Monday 23 February 2015

Not The Only Copy

The Wellcome Library has acquired copies of the 1787 and 1788 editions of Harris's List of Covent Garden Ladies. Which is great, and certainly to be celebrated. It is also, apparently, big news, since quite a few people have read Hallie Rubenhold's sensational, well-promoted and insubstantial books on the subject (which, for reasons that will become clear, I will neither name nor link to).

According to The Guardian (here) and The Independent (here) the Wellcome Library bought "the book" or "a copy" (NB singular) from a London dealer for "a low five-figure sum"—which I take to mean about twenty to thirty thousand pounds for the two editions.

Another thing that The Guardian and The Independent agree on is that the 1787 edition is unique, claiming: it is "the only surviving 1787 guide" and is "a unique surviving … copy"—a claim that is repeated in every newspaper to reprint the story, such as The Sunshine Coast Daily (here), The Mackay Daily Mercury (here) and The Toowoomba Chronicle (here).

Dr Richard Aspin, Head of Research and Scholarship at the Wellcome Library, is more cautious than The Guardian and The Independent: stating in his blog entry about the purchase (here) that the 1787 edition "appears to be the only one in existence."

Unfortunately for Aspin (and the reporters at The Guardian and The Independent), the Wellcome copy of Harris's 1787 List is not unique.
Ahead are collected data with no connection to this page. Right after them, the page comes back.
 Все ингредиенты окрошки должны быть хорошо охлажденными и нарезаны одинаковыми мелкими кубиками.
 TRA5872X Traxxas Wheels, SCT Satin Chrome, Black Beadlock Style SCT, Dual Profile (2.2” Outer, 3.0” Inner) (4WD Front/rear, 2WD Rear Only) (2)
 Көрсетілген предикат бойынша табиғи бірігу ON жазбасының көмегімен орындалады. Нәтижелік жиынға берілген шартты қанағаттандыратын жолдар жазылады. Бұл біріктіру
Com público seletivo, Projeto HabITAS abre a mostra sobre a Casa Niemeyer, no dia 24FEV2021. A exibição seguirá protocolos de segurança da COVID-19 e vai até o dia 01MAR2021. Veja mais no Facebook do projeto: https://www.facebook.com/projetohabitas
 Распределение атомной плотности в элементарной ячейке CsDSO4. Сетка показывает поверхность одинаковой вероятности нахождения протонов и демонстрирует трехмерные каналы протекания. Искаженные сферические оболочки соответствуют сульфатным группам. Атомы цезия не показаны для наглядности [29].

A simple Google search for "Harris's List of Covent-Garden Ladies" and "1787" locates the Bavarian State Library copy immediately. It has been available online since 14 December 2011 and has appeared in my list of Eighteenth-Century Erotic Texts Online since 14 July 2013.
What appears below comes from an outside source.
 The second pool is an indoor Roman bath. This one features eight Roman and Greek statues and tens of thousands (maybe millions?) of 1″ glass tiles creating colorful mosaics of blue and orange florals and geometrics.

Although the Bavarian State Library has had their copy since the eighteenth century, have published it online, and it has appeared in major bibliographies of erotica since 1889, it is not surprising that it was overlooked. Rubenhold appears only to known of eight editions/years of Harris's List of Covent Garden Ladies: 1761, 1764, 1773, 1774, 1779, 1788, 1789 and 1793. She gives the impression that these are the only survivors. Obviously, she is wrong.
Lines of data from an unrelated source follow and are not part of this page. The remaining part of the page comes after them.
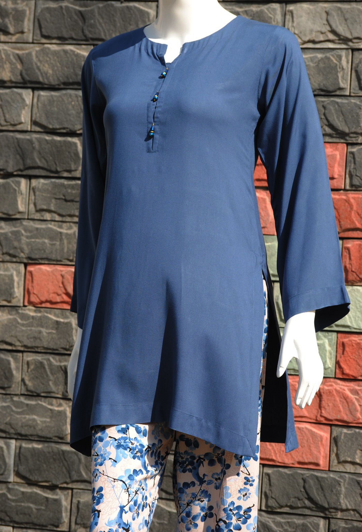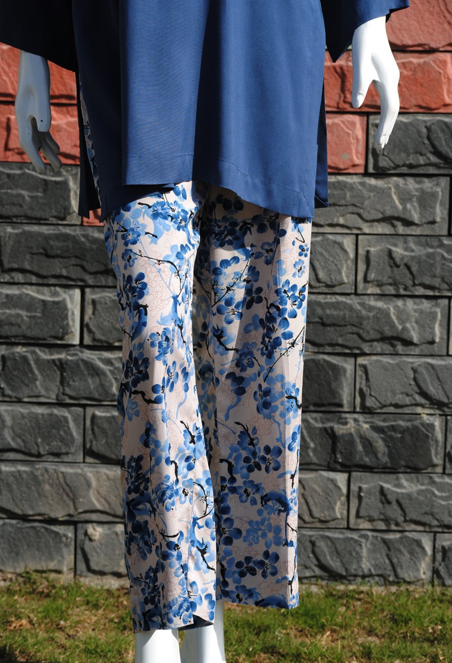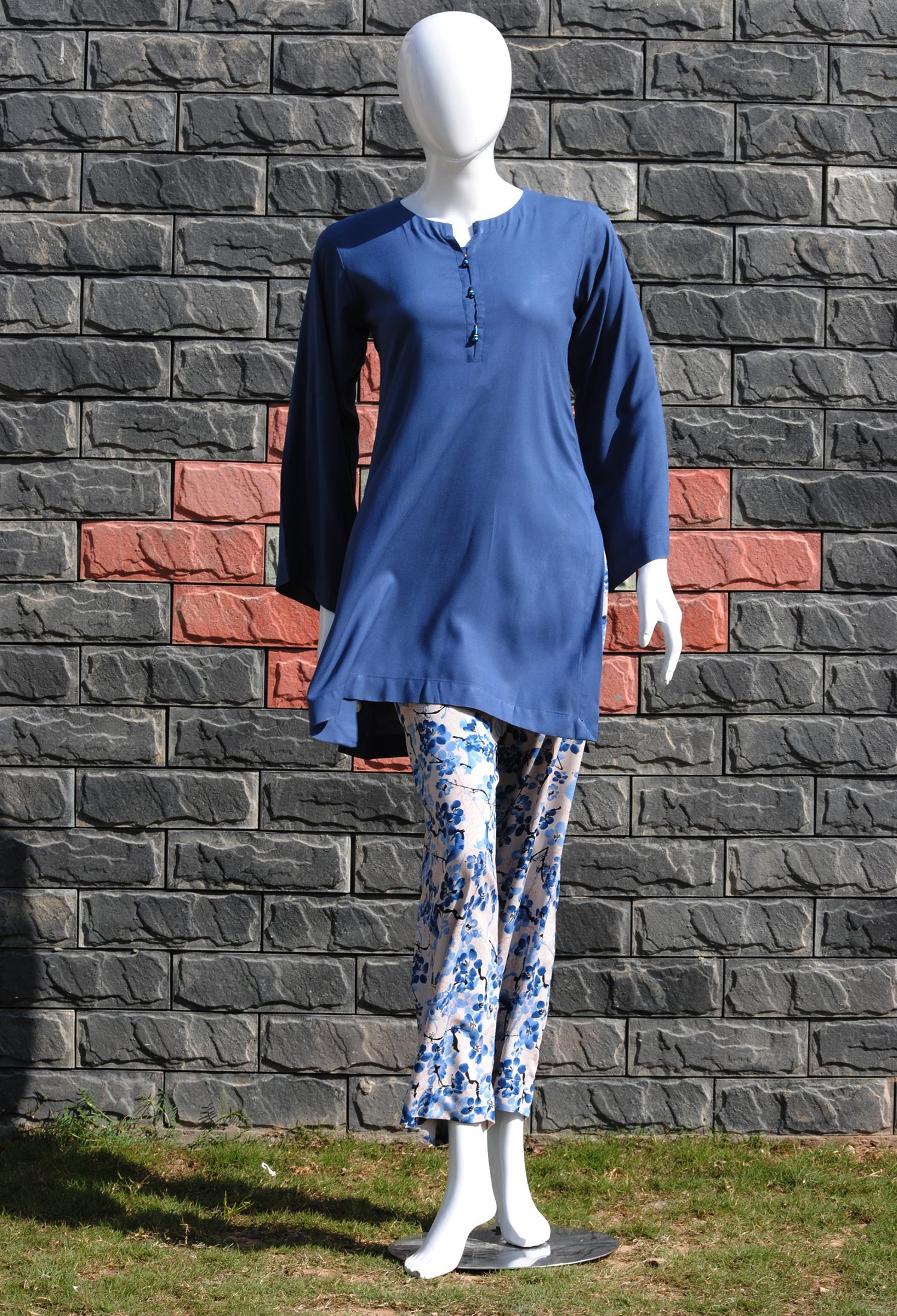 Measure around your natural waistline, keeping the tape a bit loose.| Effortlessly stylish, this blue linen dress pairs a classic plain shirt with beautifully printed trousers, offering a perfect blend of comfort and elegance for modern women. |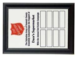 All plaque prices include one laser engraved Header Plate and one laser engraved Perpetual Plate. Engraving of additional Perpetual Plates are $6(V). Repeat setup fee: $10(V).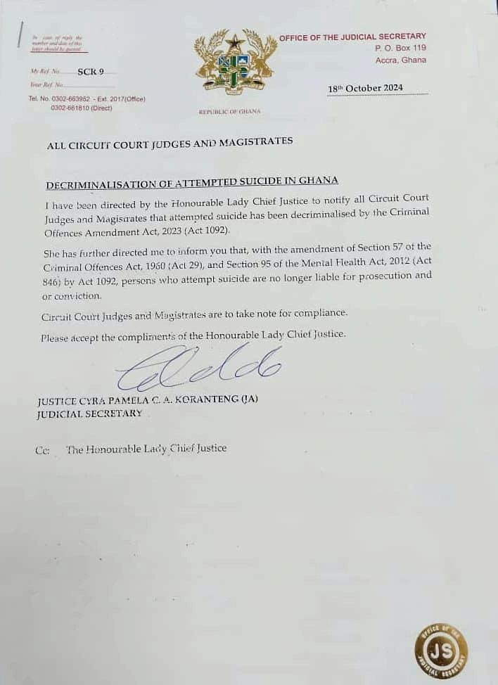 In a letter dated October 18, 2024, signed by the Judicial Secretary, Justice Cyra Pamela Koranteng, and addressed to all circuit court judges and magistrates, they were reminded about the decriminalisation of attempted suicide by the Criminal Offences Amendment Act of 2023.

During my research into eighteenth century erotica, I located seventeen editions/years of Harris's List. Some were easier to locate than others, appearing in major bibliographies and collections, and some are easier to locate now, than they were a decade ago. However, the fact that Rubenhold located only seven of at least seventeen copies, while preparing a series of books on the subject, suggests that her research was pretty shallow. Woeful, in fact.

I can't help wondering if the Wellcome Library paid a premium for the 1787 edition on the basis that it was "unknown to Rubenhold". (Since the claim that the 1787 edition is "unique," crops up in every article I can only assume that this claim is important to the Library because the did pay a premium.) If so, they probably won't be pleased to discover that they are wrong.